I'm not convinced that FairBot cooperates with itself. If we call the statement that FairBot self-cooperates S, then it is not the case that we know that (There exists a proof of S) -> S [which would imply S by Lob's Theorem]. Instead, what we know is (There exists a proof of S of length at most Ackermann(20)) -> S. I'm not convinced that this is enough to conclude S. In fact, I am somewhat doubtful that S is true.

In particular, I can also prove (There exists a proof of (not S) of length at most Ackermann(20)) -> (not S). This is by case analysis:

- If S is false: By simulating FairBot, I can prove not S, and thus the statement
- If S is true: Since the axioms are consistent, there is no proof of (not S). Thus, by enumerating all proofs of length at most Ackermann(20), I can prove that there is no proof of (not S) of at most this length, thus proving the above statement. Then again, it is likely that any proof of this implication would need to be longer than Ackermann(20)...

On the other hand, you do need more than Lob's Theorem to prove that FairBot self-cooperates. Anybody know enough logic to resolve this issue?

Ah, never mind I see it. You just need to modify the proof of Lob's Theorem. Instead of using L = (there exists a proof of L) -> S you instead use L = (there exists a proof of L of length at most Ackermann(10)) -> S and the rest of the proof of Lob's Theorem still works.

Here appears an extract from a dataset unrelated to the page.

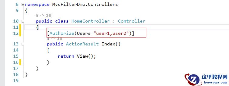 2.添加Authorize(Users=“a,b”)],表示启用了验证,并且也启用了授权,只有a或者b用户能访问此控制器。
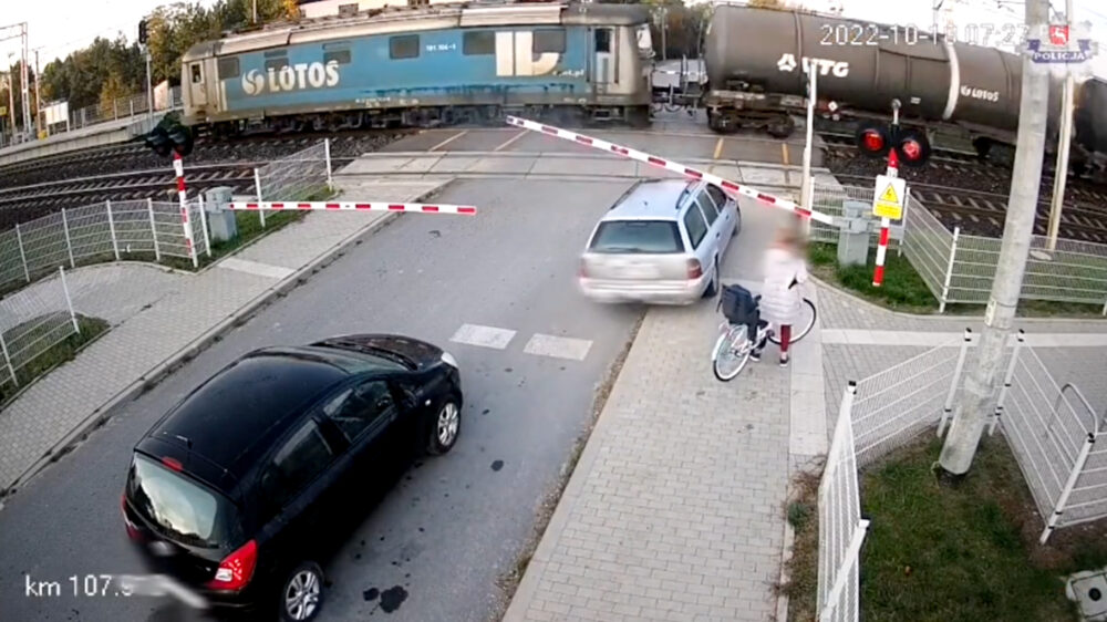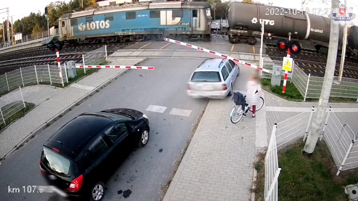 Poolse automobilist jankt dwars door slagboom en beukt tegen passerende trein

Yeah, that's the main idea. Note that to state the bounded version of Lob's theorem, you actually have to use two separate limits: "if having a bounded-size proof of statement S would imply the truth of S, and that fact itself has a short enough proof, then S is provable". The proof is similar to the regular Lob's theorem, but each step has to keep track of length limits, and these bookkeeping details eventually determine how high the limits have to be in the first place for the theorem to be true.